_Dataset excerpt:_
Content starts

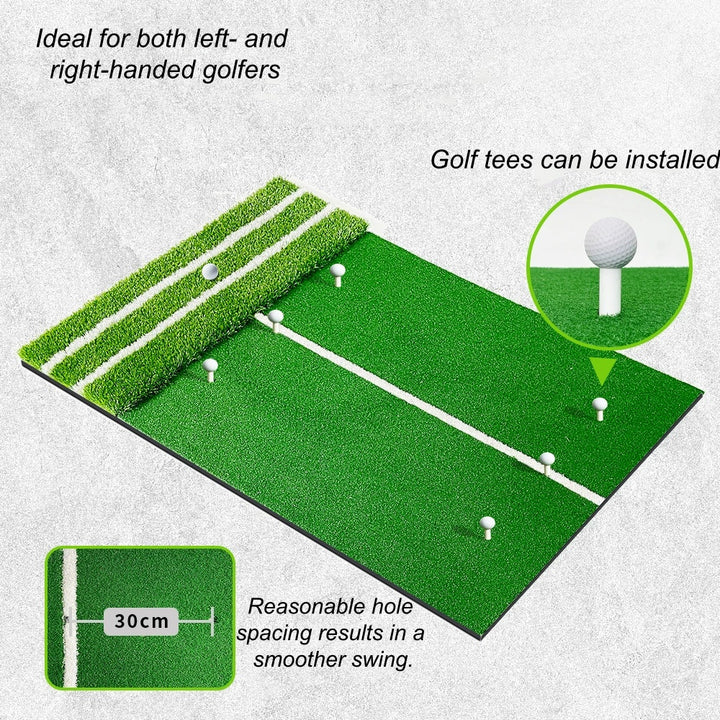 • 6 Pre-Set Tee Holder Holes: Equipped with six strategically placed holes for rubber tees, making this mat the ideal training tool for both right-handed and left-handed golfers to practice drives and fairway woods.
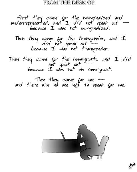 This is based on a well-known quote by the Rev. Martin Niemöller (1892-1984). It is often brought out when people talk about scapegoating minorities and other populist tactics — dividing “us” against “them.” After the war, Niemöller realized that accepting small sins as the new status quo was enabling those that sought to divide us.
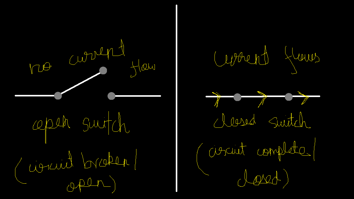 Also we a component called switch, which is exacly what its name suggest. Its turns ON/OFF the circuit by Closing(Completing)/Opening(Breaking) the circuit. Now tell what’s current in the circuit in the cover picture:)

Content ends

_What to produce:_ Please retype the listing in full, exactly as given, and skip every image.

_Task output:_
 • 6 Pre-Set Tee Holder Holes: Equipped with six strategically placed holes for rubber tees, making this mat the ideal training tool for both right-handed and left-handed golfers to practice drives and fairway woods.
 This is based on a well-known quote by the Rev. Martin Niemöller (1892-1984). It is often brought out when people talk about scapegoating minorities and other populist tactics — dividing “us” against “them.” After the war, Niemöller realized that accepting small sins as the new status quo was enabling those that sought to divide us.
 Also we a component called switch, which is exacly what its name suggest. Its turns ON/OFF the circuit by Closing(Completing)/Opening(Breaking) the circuit. Now tell what’s current in the circuit in the cover picture:)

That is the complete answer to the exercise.